Путем клонирования человеческого синдикана (Mali и др. 1990 J. Biol. Chem, 265: 6884-6889) или его выделения из человеческого материала, такого как линия клеток молочной железы человека HBL-100 (Elenins и др. (1990) J. Biol. Chem, 265: 17837-17843), могут быть продуцированы антитела против синдикана человека. Это может быть осуществлено путем иммунизации животных для выработки у них поликлональных или моноклональных антител, либо путем обработки клеток in vitro для продуцирования моноклонального антитела с выделением интактного синдикана человека, или его фрагментов, синтетических пептидов или гибридных белков, предсказанных с помощью кДНК-клона человека.

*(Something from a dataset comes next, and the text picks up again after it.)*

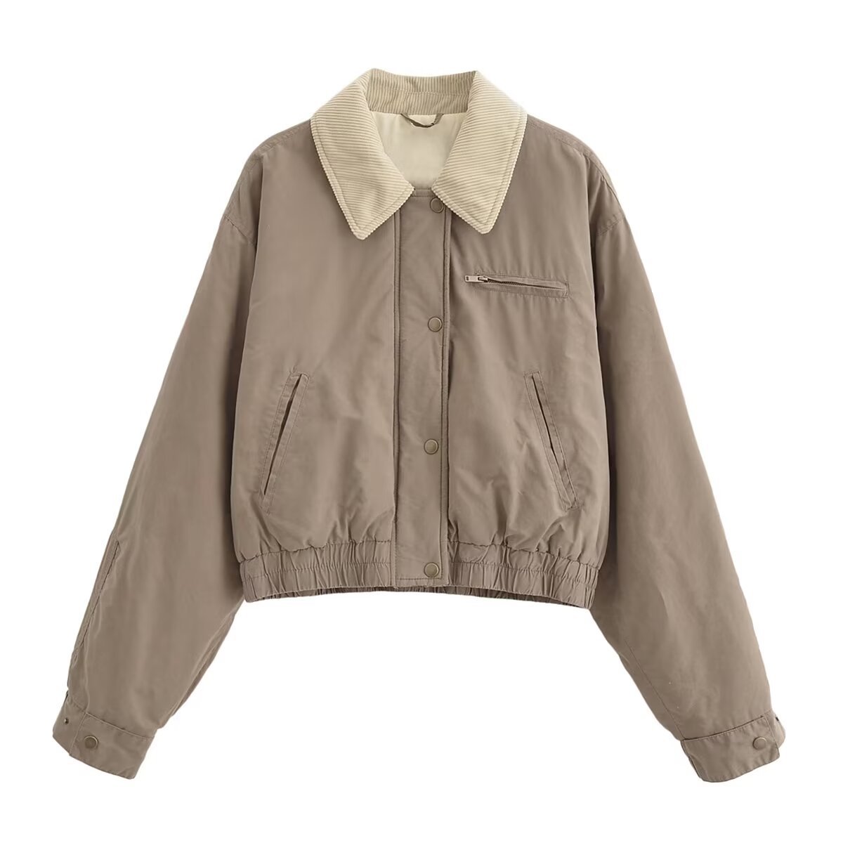 UC & ZA 국경 유럽 및 미국 여성의 2024 가을/겨울 새로운 명암 칼라 캐주얼 재킷 코튼 재킷 4341870스토어 가기

При осуществлении настоящего изобретения, для определения содержания синдикана могут быть использованы стандартные методы молекулярной биологии, микробиологии, иммунологии и методы рекомбинантных ДНК. Все эти методы подробно описаны в литературе. См., например, Current Protocols in Immunology (1990) by Greene Publishing Associates and John Wiley & Sons, Inc.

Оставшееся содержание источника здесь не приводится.